Roland Lehoucq : J'utilise l'univers de Dune pour enseigner à SciencesPo Rennes car c'est une approche fictive de la science qui peut nous aider à mieux penser le monde de demain. La science-fiction aborde des thèmes contemporains comme l'écologie et la souveraineté de manière précise.

Dune est un livre-univers très riche, varié et surtout cohérent et documenté. Frank Herbert y questionne notre rapport à la technique et ne la considère pas comme une garantie de progrès humain. Par exemple, le Jihad butlérien dans Dune fait référence à Samuel Butler et son roman Erewhon, décrivant un monde où la technique est bannie.

Le techno-solutionnisme est souvent poussé à l'excès dans la science-fiction et peut mener à l'asservissement de l'humain, comme dans Le Meilleur des mondes d'Aldous Huxley ou le sous-genre Cyberpunk. Cependant, la science-fiction peut aussi aborder le retrait de la technique : dans Dune, les tâches d'analyse de données sont effectuées par des mentats, des humains experts, agissant comme conseillers.

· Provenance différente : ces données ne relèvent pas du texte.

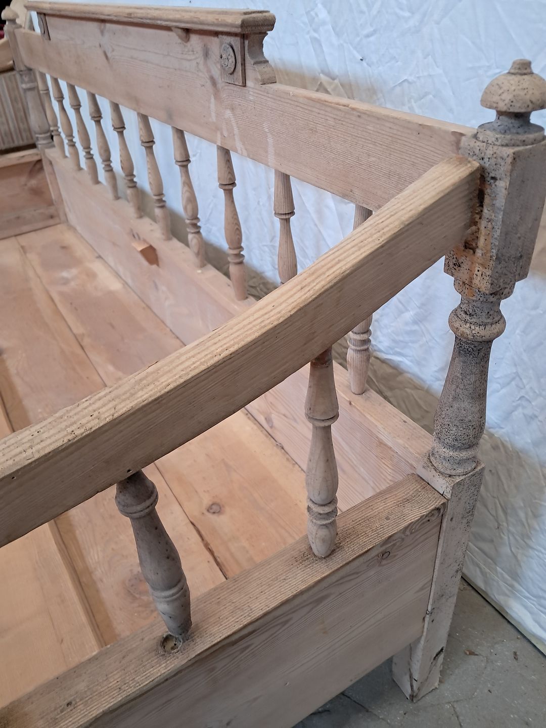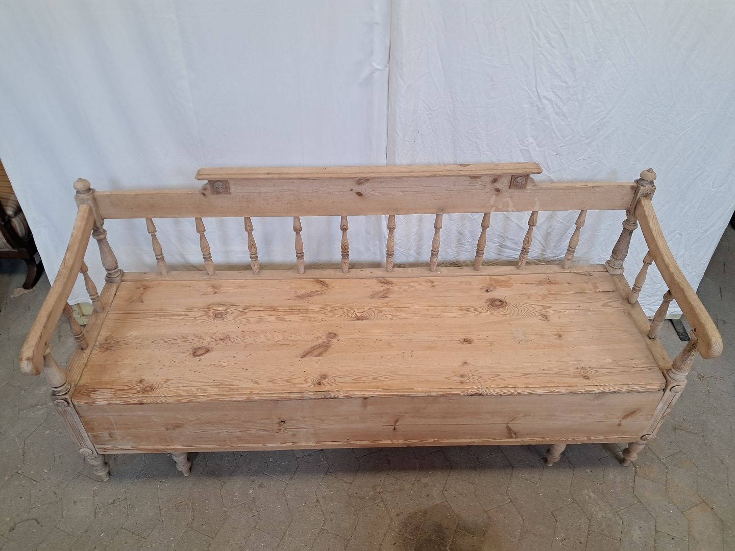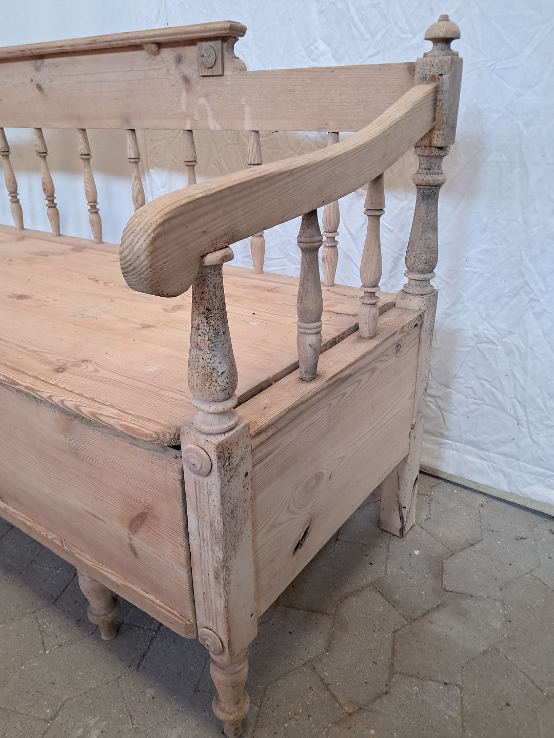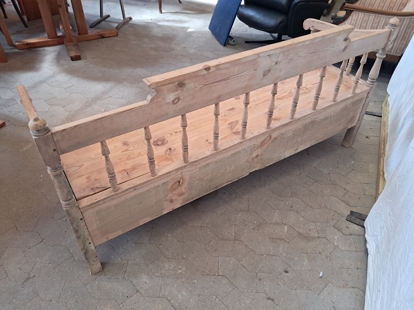 Slagbænk i massivt fyrretræ, fra 1910erne.Den har brugsspor og defekt armlæn.(se foto)

Quelles leçons la French Tech pourrait tirer de Dune selon vous ?

R. L. : La start-up nation pourrait apprendre que l'innovation n'est pas une fin en soi. Dans Dune, la technique est utilitariste : les Fremen ont inventé le distille, un habit permettant de recycler presque intégralement leur eau corporelle.

La science-fiction peut nous mener vers de fausses pistes, comme l'idée d'une singularité technologique marquant un dépassement cognitif des machines sur les hommes. Cette hypothèse, bien qu'improbable, fait partie de l'imaginaire populaire.

Comment la science-fiction peut-elle aider plus particulièrement des jeunes futurs politiques ou économistes ?

R. L. : À SciencesPo, la culture scientifique et technique est plus superficielle qu’en école d’ingénieurs, mais les conséquences politiques, sociales et économiques des évolutions techniques abordées dans la science-fiction sont cruciales. La science explicite les contraintes de notre monde, des lois physiques non discutables, essentielles pour organiser la vie politique, sociale et économique de demain.

Qu'apprend-on en matière de souveraineté grâce à la science-fiction ?

R. L. : La science-fiction nous rappelle que la souveraineté est aussi technique. Elle montre que l'indépendance passe par la recherche de techniques nécessaires, pas uniquement supérieures. Par exemple, les Fremens dans Dune développent leurs propres technologies pour assurer leur autonomie.

Que définissez-vous comme « right tech » ?

R. L. : Ce n'est pas la meilleure technologie existante mais celle dont on a réellement besoin. La technologie au bon endroit, au bon moment, répondant à une question pertinente. Nous devons ouvrir des débats pour oser poser les questions différemment.

La dystopie semble plus simple à imaginer que l'utopie, surtout en matière de technologie... Et pourtant, le grand public – en particulier les plus jeunes – a grandement besoin d’un futur souhaitable, vous ne pensez pas ?

R. L. : Les dystopies servent de vigie mais peuvent aussi démotiver. Il existe des mouvances littéraires plus optimistes comme le hopepunk ou le solarpunk. Par exemple, Ursula K. Le Guin a théorisé la fiction-panier, en opposition à la fiction-flèche. Nous avons besoin de plus de récits fondés sur des concepts comme le panier, moins exaltants mais tout aussi performatifs.